AFM Cloud Pro on Nvidia GPUs: what it means for enterprise in 2026

Apple's AFM 3 Cloud Pro runs on Nvidia GPUs in Google Cloud under Private Cloud Compute. What the architecture means for enterprise AI in 2026.

Read time: 14 min
Word count: 2.4K
Sections: 14
FAQs: 8

By Manu Shukla

Founder & Director June 22, 2026 Updated Jun 23, 2026

Frontier inference on confidential GPUs.

On this page · 14 sections

What AFM Cloud Pro is
How the trust model works
The enterprise gap: individual privacy is not enterprise observability
PCC is not the same as confidential computing
Build versus buy for your stack
A reference architecture for confidential inference
Questions to ask a confidential cloud vendor
Migrating a workload to confidential inference
The cost of getting it wrong
India-specific considerations
What to take from it
FAQ
How eCorpIT can help
References

Summary. AFM 3 Cloud Pro, the most capable model in Apple's third-generation Foundation Models, runs on Nvidia Blackwell GPUs inside Google Cloud rather than on Apple silicon. Announced at WWDC 2026 on June 8, it handles agentic tool use and complex reasoning at a quality Apple compares to Gemini frontier models, ramping to full capacity by the end of summer 2026. Apple held its privacy bar by extending Private Cloud Compute to Google Cloud with Nvidia Confidential Computing, Intel CPUs with TDX, and Google's Titan chip, configured so the GPUs cannot read Apple's servers. For enterprises evaluating frontier inference on rented confidential GPUs, which run from $2.12 to $14.24 per GPU-hour as of June 2026, this is the clearest blueprint yet, and also a warning: PCC optimises for individual non-targetability, not the observability and data residency an enterprise needs.

The context is a confidential computing market that Gartner places among its core 2026 architecture trends, projected past $42.74 billion in 2026 and expected to secure more than 75% of processing in untrusted infrastructure by 2029. Apple just gave that market its highest-profile production deployment.

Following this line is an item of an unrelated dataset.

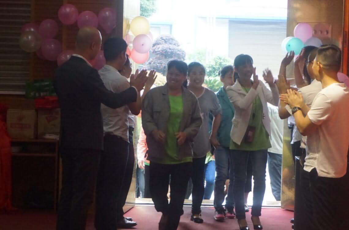 寰宇股份5月份標桿合影(左三)丁仙妹(左四)周慶梅(左五)湯世娥(左六)羅佳佳

This article reads AFM Cloud Pro as an enterprise architect would: what it is, how the trust model works, and the specific places where Apple's individual-privacy design does not map onto enterprise requirements. It is the enterprise companion to our architecture breakdown of Apple Intelligence on Nvidia GPUs.

What AFM Cloud Pro is

AFM 3 Cloud Pro is the top tier of Apple's model stack. The on-device models handle routine work, AFM 3 Cloud carries the main server workload, and AFM 3 Cloud Pro is reserved for the hardest tasks: agentic tool use and complex reasoning. Apple runs it on Nvidia GPUs hosted in Google Cloud, and describes its quality in the range of Gemini frontier models, while maintaining that the model is its own, refined using Gemini outputs rather than served by Gemini, per CIO Dive and CNBC. Apple AI vice president Amar Subramanya said the models are "custom builds for Apple Silicon, trained using proprietary data, and refined using outputs from Gemini frontier models."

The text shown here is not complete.